To send a request to API Yandex ID, you may use an OAuth token with permissions to access any of the Yandex services. However, extended access to user data is only available if you have tokens with access rights from the API Yandex ID section configured when registering the app.

Request format

A request for information about a Yandex user has the following format:

GET https://login.yandex.ru/info?
[& format=json | xml | jwt]
[& jwt_secret=<secret key>]

Authorization: OAuth <OAuth token>

GET https://login.yandex.ru/info?
 & oauth_token=<OAuth token>
[& format=json | xml | jwt]
[& jwt_secret=<secret key>]

Alert

In this method, the OAuth token is sent in the GET request parameter and can be saved openly in the browser history or in the access logs of any intermediate host. The saved OAuth token may be used by a hacker.

Request parameters

Parameter

Value

Description

oauth_token

An OAuth token that enables access of the user's account data via API Yandex ID. The content of the response depends on the rights granted by the OAuth token specified in the request.

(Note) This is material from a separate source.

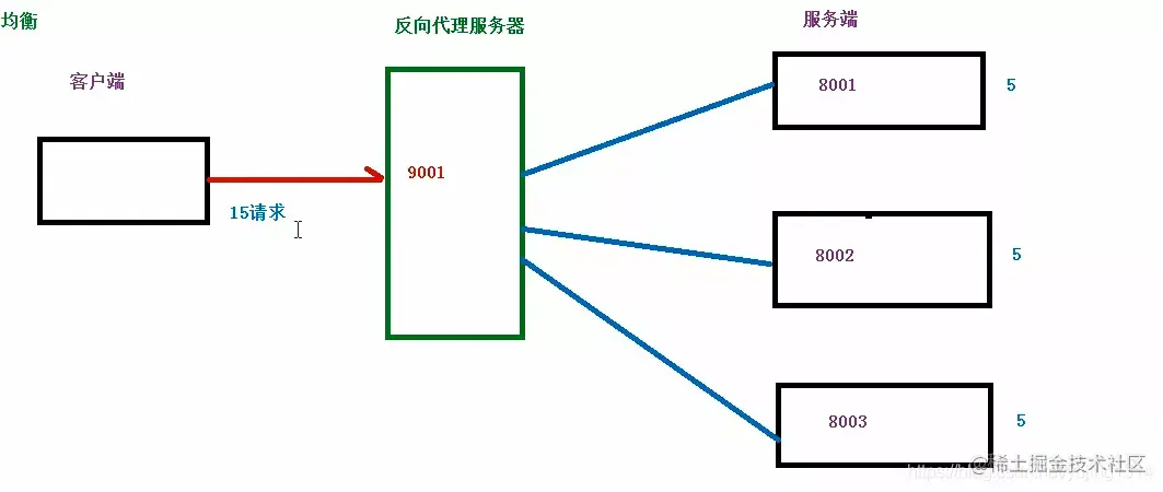 假设有15个请求发送到代理服务器,那么由代理服务器根据服务器数量,平均分配,每个服务器处理5个请求,这个过程就叫做负载均衡

The OAuth token must be specified in the request in one of the following ways:

  • In the Authorization HTTP header, each time API Yandex ID is called, specifying the token type before its value (the recommended method):

    Authorization: OAuth <OAuth token>

  • In the oauth_token parameter value (insecure method):

    oauth_token=<OAuth token>

format

xml | json | jwt

Returned data format. Possible values:

  • json: JSON document. This value is used by default if the parameter isn't specified in the request.
  • xml: XML document.
  • jwt: JSON Web Token.

jwt_secret

The secret that will be used to sign JWT. If the parameter is not passed, the OAuth app's client_secret will be used instead.
We recommend that you do not pass this parameter.

Response format

In the response, the service returns a set of standard and additional fields depending on the app's access rights.

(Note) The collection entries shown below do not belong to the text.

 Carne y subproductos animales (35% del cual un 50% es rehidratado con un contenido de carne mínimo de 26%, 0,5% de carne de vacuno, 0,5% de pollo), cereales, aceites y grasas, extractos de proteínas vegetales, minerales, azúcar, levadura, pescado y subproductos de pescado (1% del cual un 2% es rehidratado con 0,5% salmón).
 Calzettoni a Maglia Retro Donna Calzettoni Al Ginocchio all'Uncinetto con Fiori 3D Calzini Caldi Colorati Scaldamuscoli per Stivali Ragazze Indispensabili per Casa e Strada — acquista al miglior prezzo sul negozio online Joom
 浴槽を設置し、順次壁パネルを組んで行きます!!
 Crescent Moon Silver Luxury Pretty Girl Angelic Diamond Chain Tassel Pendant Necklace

The default response body format is JSON. You can also get a response in XML or JWT format. To do this, specify the format parameter with the xml or jwt value in the request:

  • The XML format response has the same structure as JSON. Data is wrapped in the <user> root tag.
  • The response in JWT format always has a standard set of fields. Depending on the selected rights, special fields also return in addition to the standard fields.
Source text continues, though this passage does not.